A step-by-step playbook for the 3-touch follow-up sequence that wedding photographers, DJs, and planners use to convert ghosted inquiries into booked weddings.

Luca Greco

Founder, Greco AI Solutions

April 22, 2026

The Sequence That Most Vendors Are Not Running

The 2025-26 Wedding Pro Survey reports the average wedding photographer conversion rate at around 30 percent. Studios that run structured follow-up sequences over 10 days consistently push that number to 40 to 50 percent. The difference between those groups is not portfolio quality or pricing. It is whether the vendor stays in contact with the couple at the right intervals after initial inquiry.

Most vendors send one reply when an inquiry arrives. If the couple does not respond, they move on. That single-reply approach leaves a recoverable portion of leads permanently on the table.

This post is a step-by-step playbook for the 4-touch sequence (the structure is 4 contacts over 10 days, often called the 3-touch follow-up because the initial reply is treated separately). Each touch has a specific purpose, a recommended medium, and copy guidelines.

Before the Sequence: The First Reply

The sequence starts with the first reply, which needs to go out within 60 seconds of the inquiry arriving. Not 60 minutes. Not end of business day. Within 60 seconds.

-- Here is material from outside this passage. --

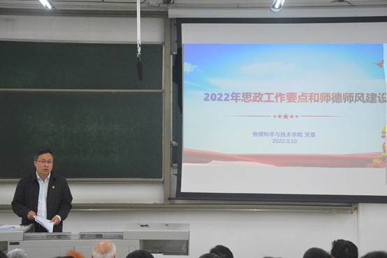 首先,刘玉书记解读了上级相关文件重要精神,从加强师德师风建设的总体要求、全面加强教师队伍思想政治工作、大力提升教师职业道德素养、关于完善高校教师思想政治和师德师风建设工作体制机制等四方面开展宣贯。接着,刘玉书记结合学校2022年工作要点对学院中心工作进行了部署,解读了重点工作的具体内容,并就有关情况进行了进一步说明。

The reason this window matters: couples sending Knot and WeddingWire inquiries typically contact 5 to 10 vendors in the same session. The first vendor to reply is the one who moves from "one option in a list" to "a real conversation partner." That conversational foothold is much easier to maintain than it is to establish from behind.

The first reply should:

  • Acknowledge something specific the couple mentioned in their inquiry (venue, date, a phrase they used)
  • Ask one question that requires a real answer and moves the conversation forward
  • Be short. Three to five sentences. Nothing more.
  • It should not include a PDF of your packages. Not yet. The couple is not in evaluation mode. They are in conversation-starting mode.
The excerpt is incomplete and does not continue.